(THE DATA):

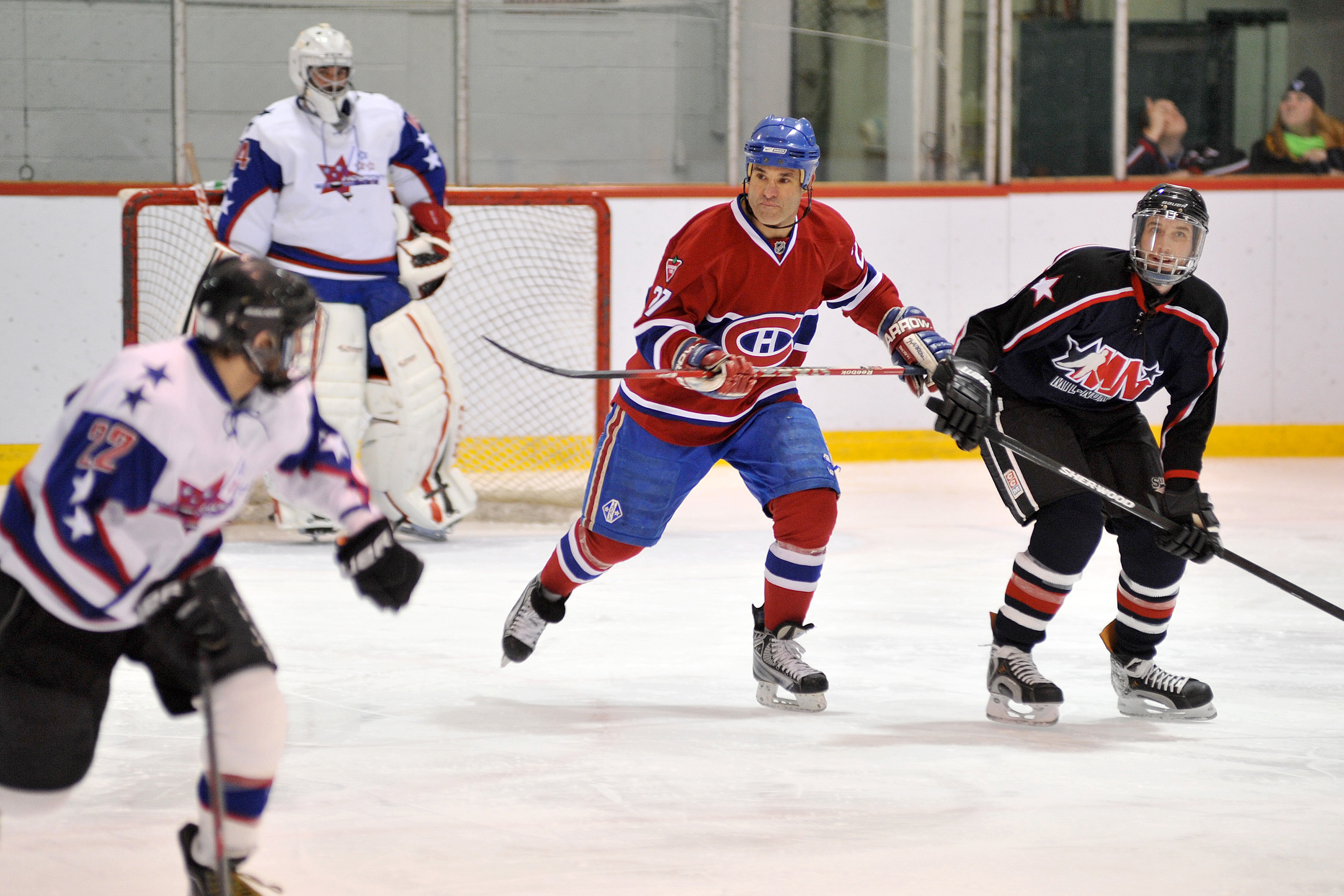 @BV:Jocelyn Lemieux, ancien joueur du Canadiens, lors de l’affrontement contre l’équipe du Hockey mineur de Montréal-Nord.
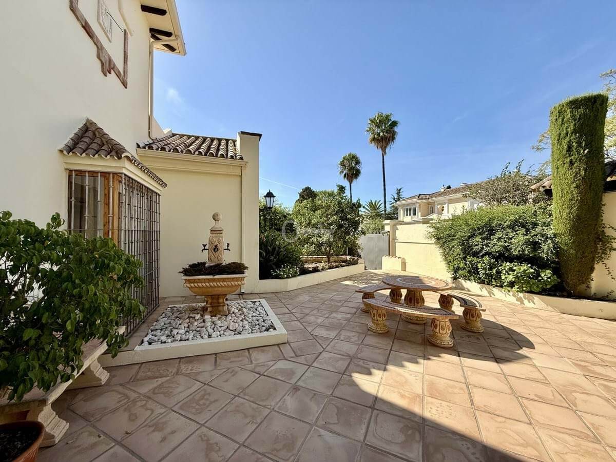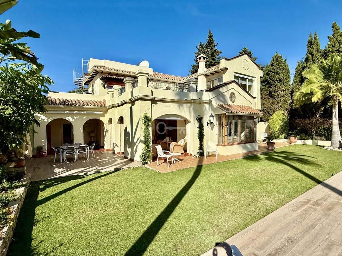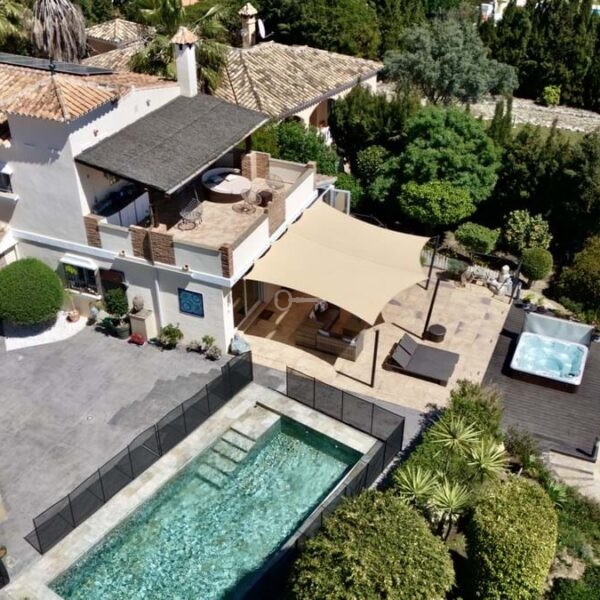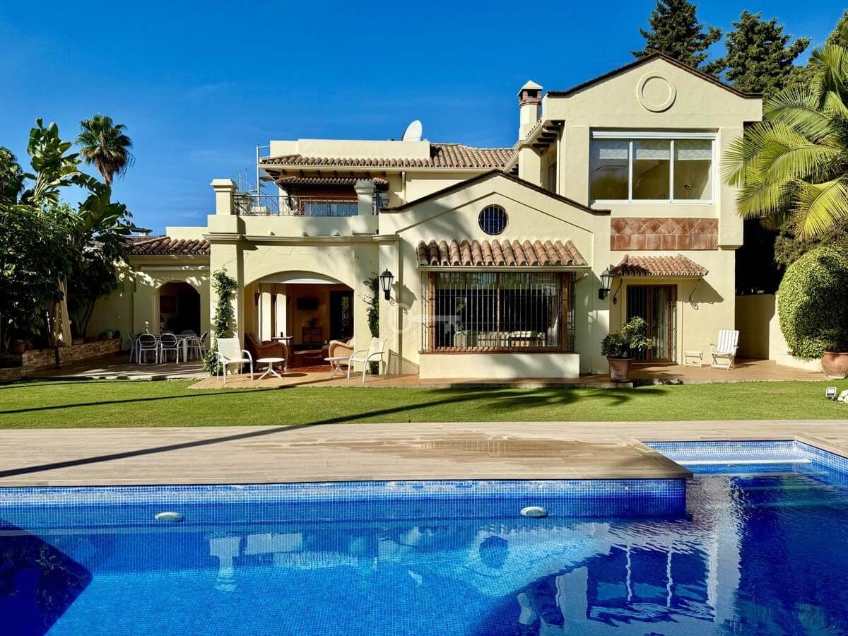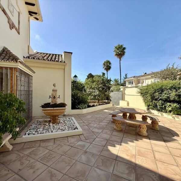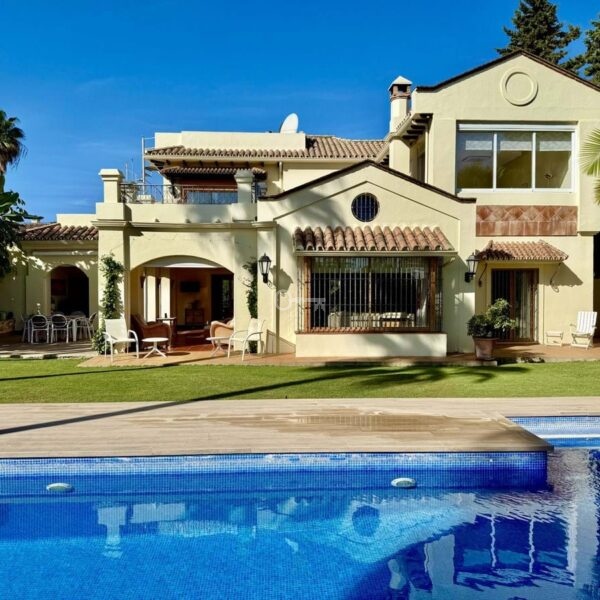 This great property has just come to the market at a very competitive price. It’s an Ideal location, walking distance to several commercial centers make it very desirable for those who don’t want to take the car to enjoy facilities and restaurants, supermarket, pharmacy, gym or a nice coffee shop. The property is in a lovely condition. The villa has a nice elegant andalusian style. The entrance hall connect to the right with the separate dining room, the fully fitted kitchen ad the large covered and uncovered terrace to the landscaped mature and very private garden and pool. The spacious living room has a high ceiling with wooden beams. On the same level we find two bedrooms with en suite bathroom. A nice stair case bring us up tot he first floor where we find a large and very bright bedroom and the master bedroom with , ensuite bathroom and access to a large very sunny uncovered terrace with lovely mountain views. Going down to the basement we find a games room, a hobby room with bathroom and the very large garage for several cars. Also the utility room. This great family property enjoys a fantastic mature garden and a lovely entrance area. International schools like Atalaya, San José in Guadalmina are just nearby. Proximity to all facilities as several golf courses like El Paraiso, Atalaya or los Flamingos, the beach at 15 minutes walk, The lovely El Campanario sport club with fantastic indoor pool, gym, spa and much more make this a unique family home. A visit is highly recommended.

* * *

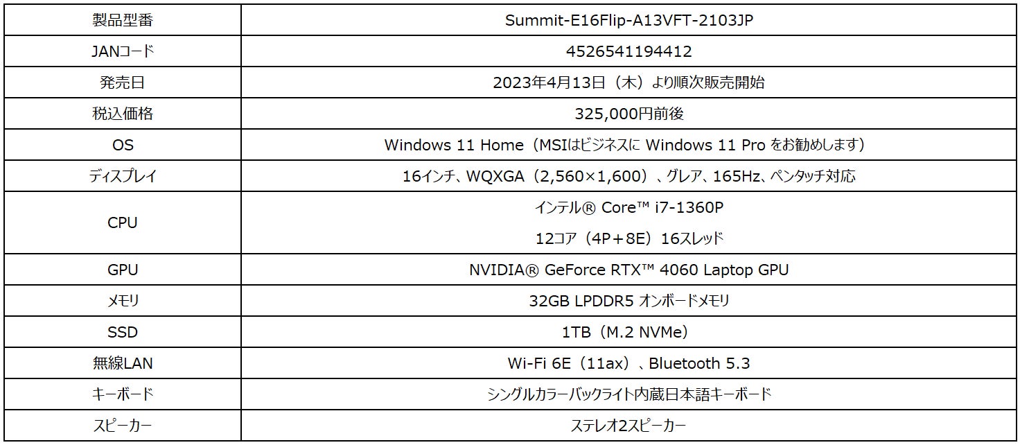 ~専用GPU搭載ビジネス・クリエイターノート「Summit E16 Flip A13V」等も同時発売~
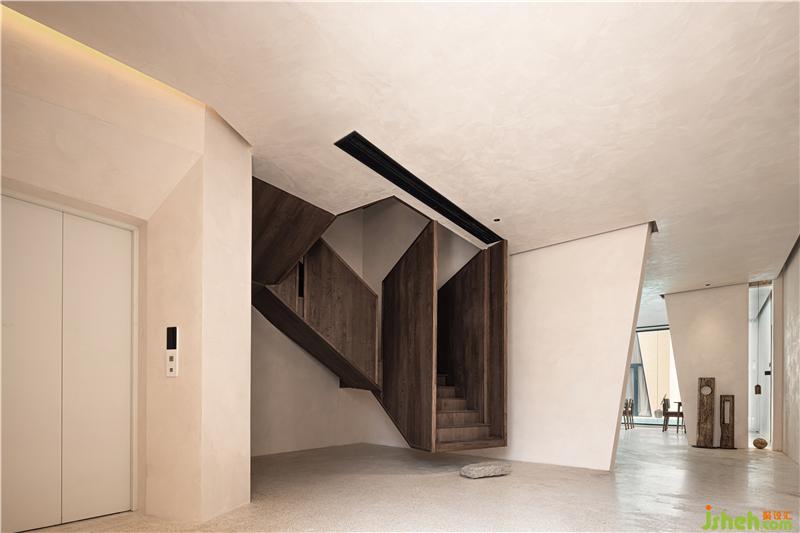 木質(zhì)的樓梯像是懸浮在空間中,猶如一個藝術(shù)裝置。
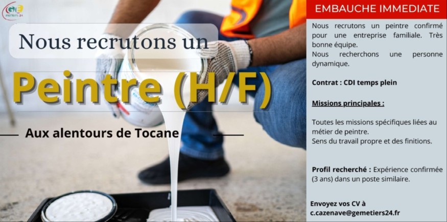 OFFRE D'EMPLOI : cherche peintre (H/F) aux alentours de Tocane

(WORK TO COMPLETE): What you return from the records above should be exactly everything from the line with "木質(zhì)的樓梯像是懸浮在空間中,猶如一個藝術(shù)裝置。" down to the line with "OFFRE D'EMPLOI : cherche", both kept, and no pictures.

(TASK SOLUTION):
 木質(zhì)的樓梯像是懸浮在空間中,猶如一個藝術(shù)裝置。
 OFFRE D'EMPLOI : cherche peintre (H/F) aux alentours de Tocane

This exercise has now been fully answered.